A follow-up analysis by Camidge et al which was published in May 2018 provides updates on the CNS response of patients enrolled in each trial.38 These results are summarized in Table 2, which compares baseline CNS characteristics and responses between the pivotal Phase I/II trial and the randomized Phase II (ALTA) trial. Of note, three patients in arm A of the ALTA trial had progression in the brain while receiving brigatinib 90 mg/day, owing to either increased size of the target brain lesion or the appearance of a new brain lesion. Following escalation of the dose to 180 mg/day, serial imaging revealed the best reductions in the sum of diameters of measurable lesions to be 19%, 38% and 100%. By extension, those patients in arm B had a numerically lower incidence of first disease progression both intracranially and extracranially compared to those in arm A. The whole-body efficacy among ALK-positive NSCLC patients with baseline brain metastases was quite reasonable, with ORRs of 74% (34/46), 40% (32/80) and 59% (43/73), and median systemic PFS of 14.5 months, 8.8 months and 12.9 months in the Phase I/II, ALTA arm A and ALTA arm B trials, respectively.38

Table 2 Comparison of baseline central nervous system characteristics and response to therapy between the Phase I/II and randomized Phase II (ALTA) trials
Abbreviations: ALTA, ALK in Lung Cancer Trial of AP26113; CR, complete response; mo, months; NR, not reported; ORR, overall response rate; PFS, progression-free survival.
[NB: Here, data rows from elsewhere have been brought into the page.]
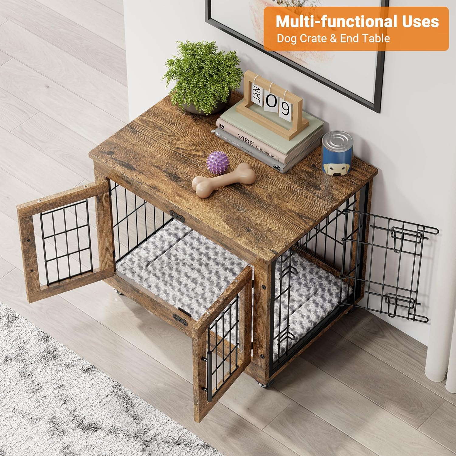 - [Multi-Purpose Dog Kennel Furniture] Provide enough space for dogs to move around, play, and rest and also perfect as a side table or nightstand of storage needs for you. Wood dog crate will blend into any home decor, providing a combination of furniture and function for furry dogs while also being a space saver.
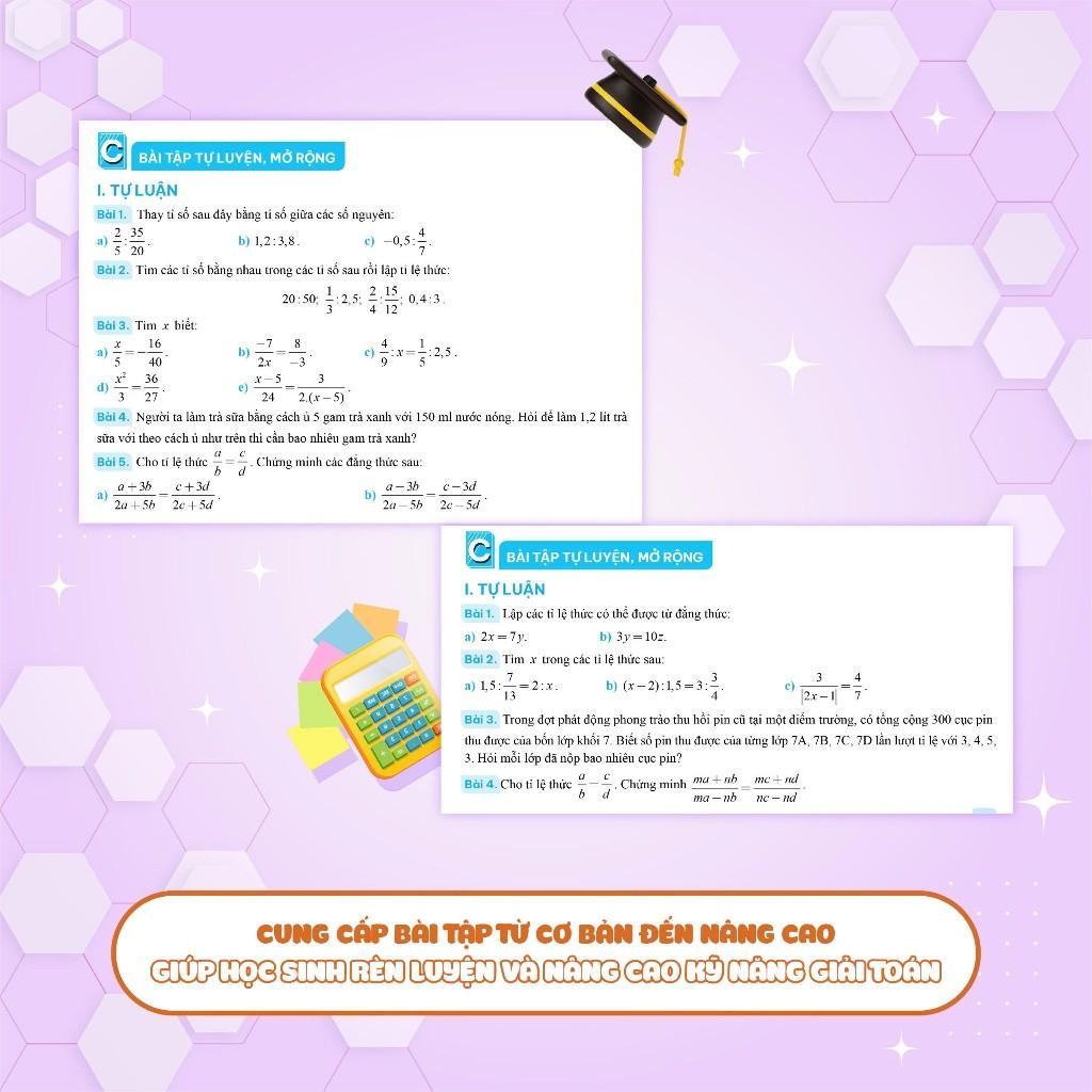 Bổ sung thêm bài tập tự luyện từ cơ bản đến nâng cao, mở rộng theo nội dung của mỗi bài học, giúp các em tự rèn luyện và trau dồi thành thục kỹ năng giải các dạng toán từ dễ đến khó.
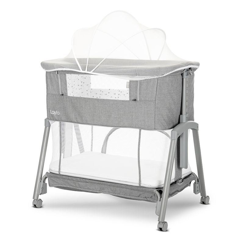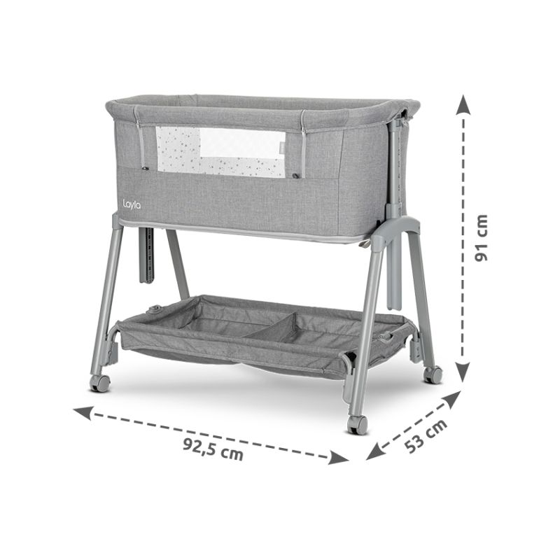 Тази мини кошара Layla на Lorelli е създадена, за да осигури сигурно, удобно и практично място за сън и игра на вашето бебе още от първите дни. Благодарение на регулирането на височината в 7 позиции, кошарата лесно се адаптира към различни легла и нуждите на родителите. Тя може да бъде закрепена стабилно към повечето легла с помощта на допълнителни ремъци, което осигурява лесен и безопасен нощен достъп до бебето – особено полезно през първите месеци след раждането. Подвижната страна с мрежеста част позволява отлична видимост и постоянен контакт с детето. Кошарата разполага с антирефлуксна система, която допринася за по-спокоен сън, както и с удобен матрак, осигуряващ необходимия комфорт. Практичният кош за аксесоари държи най-важните вещи винаги под ръка.
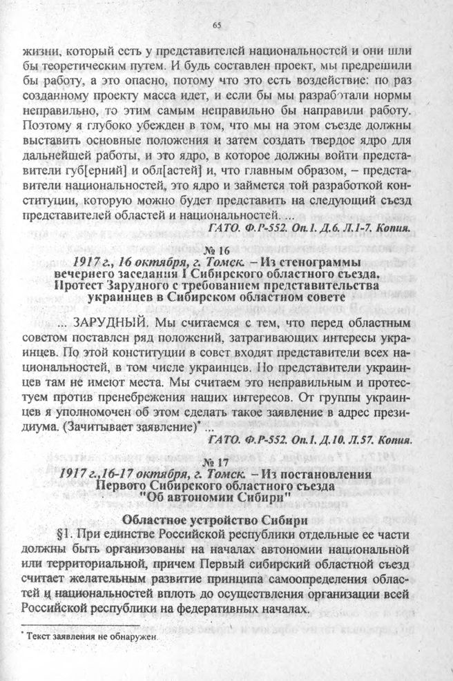 Из постановления Первого Сибирского областного съезда «Об автономии Сибири». 1917 г., 16-17 октября, г. Томск // Первый Сибирский областной съезд 8-17 октября 1917 года в г. Томске. Постановления съезда. Томск, 1917. С. 1-2.
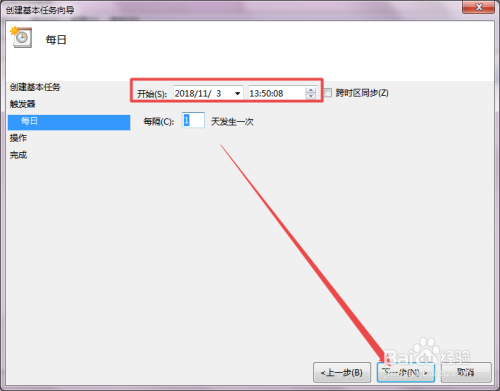 然后在弹出的 使命触发器 页面中按照现实需要选择,然后点击 下一步。

In both trials, brigatinib has consistently yielded an impressive intracranial efficacy, with both high and durable responses. Furthermore, compared to both ceritinib and alectinib, ORRs were superior with brigatinib 180 mg (with lead-in) among patients with crizotinib-refractory ALK-positive NSCLC with measurable baseline brain metastases: 38% and 64% vs 67%, respectively.38,41 That being said, the limitation of both studies is that brain imaging was not performed and collected in a systematic, protocolized manner. This issue will be addressed in the upcoming randomized, Phase III trial of brigatinib 180 mg (with lead-in) vs crizotinib in ALK inhibitor-naïve patients with advanced ALK-positive NSCLC (ALTA-1L; Clinical trials identifier: NCT02737501), where intracranial disease will be followed longitudinally and prior CNS therapy will be fully detailed.

Safety and tolerability

ALK-specific TKIs offer an effective treatment strategy for NSCLC patients who are ALK rearranged. Implicit to the durable responses observed, as well as sequential therapy with the advent of newer ALK inhibitors, patients will foreseeably have a lengthy exposure to TKI therapy. As a result, it is paramount that the drugs have an acceptable safety and tolerability profile.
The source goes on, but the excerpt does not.